The Darkside Detective is probably one of the most middle of the road sort of adventure games you’ll ever play – at first. The idea is you play as one Detective McQueen, a paranormal investigator who deals with the spooky stuff in the town of Twin Lakes, helped by his dimwitted sidekick Officer Dooley. Shenanigans ensue, and you learn more about the characters as you go from case to case, like McQueen constantly being undervalued by the higher ups. It’s not much at first, but the longer the game goes on, the more it adds to its world, the character dynamics, and the supernatural ideas explored.
The early episodes are mainly short gag collections, which are impressively funny just for how compact these chapters are. Comedy games tend to have a pacing issue, where you have to actively look for the jokes and may not get punchlines worth the time investment. The Darkside Detective mainly works in basic puns and nonsensical absurdity, and those styles of humor work well with fast pacing. It’s quite charming, even with the extremely generic sprite art design, what with every character looking like a generic stick figure indie hero man, thanks mainly to Gabe McCabe’s peppy dialog.

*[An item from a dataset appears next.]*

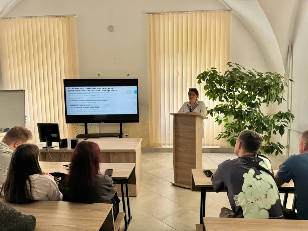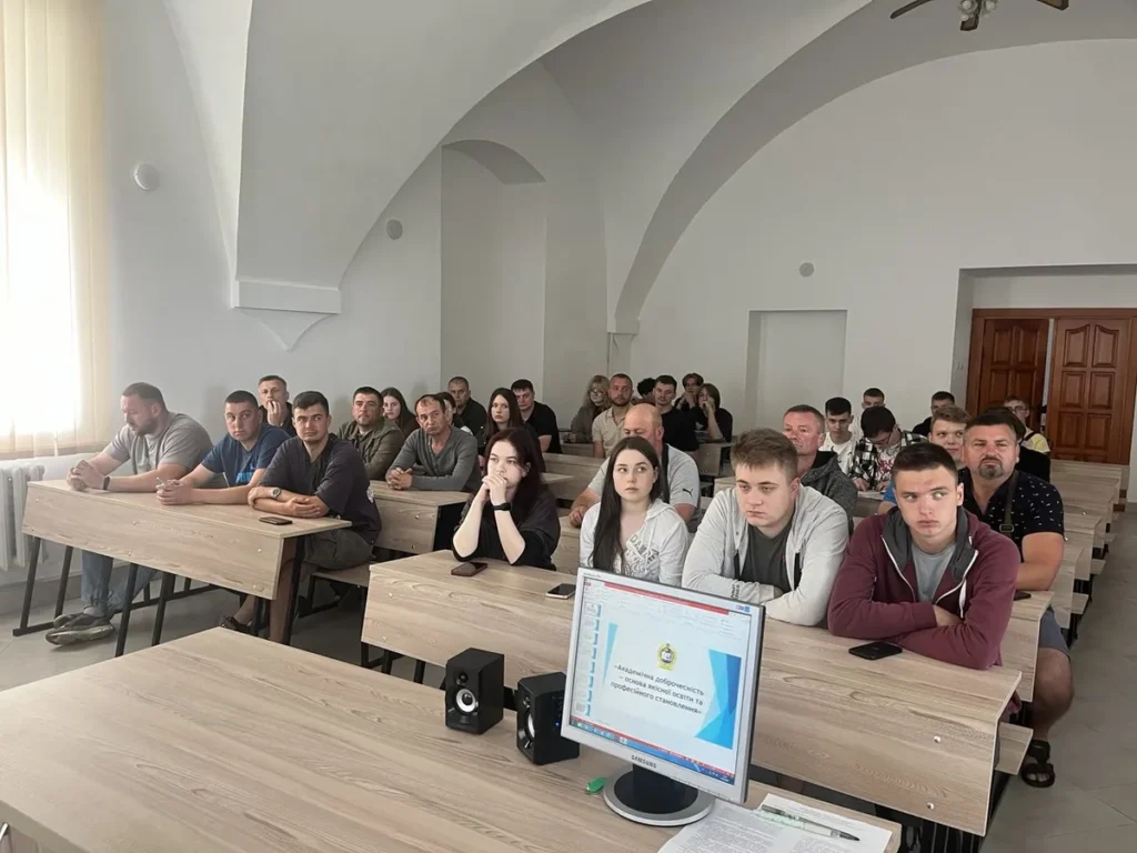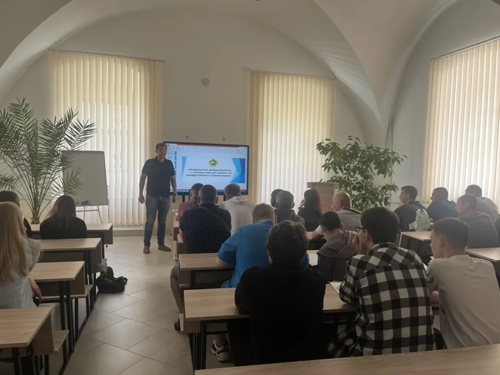 Здобувачі активно долучалися до обговорення, наводили приклади із власного досвіду, обговорювали типові ситуації, у яких проявляється недоброчесна поведінка, та шукали шляхи її уникнення.

What makes Darkside Detective something worth investing in as a franchise, with a second game currently in development thanks to Kickstarter, is those later episodes. They become longer and more complex in their design, which does weaken the pacing of jokes, but they make up for it with stronger character dynamics. McQueen and Dooley grow a fun back and forth that makes them feel like equals, and the supporting cast gets used in a lot more fun ways, especially in the case where the duo have to save Christmas. Some puzzles are a bit much at times, relying on trying a ton of different options until you manage to break through out of sheer frustration, but the episodes are still relatively on the short side to keep it from being a game killer.
The growing personality and new ideas at play, like the politics of the darkside dimension, create a genuine world, and the amusing little gag game becomes a proper adventure with characters you want to see more of. You can see the team learning the further they go with the later added episodes, and it makes the promise of that sequel game all the more exciting. If you want a great point and click that will leave a smile on your face (assuming you can handle a few annoying item puzzles here and there), you’ll find something very much worth investing in here.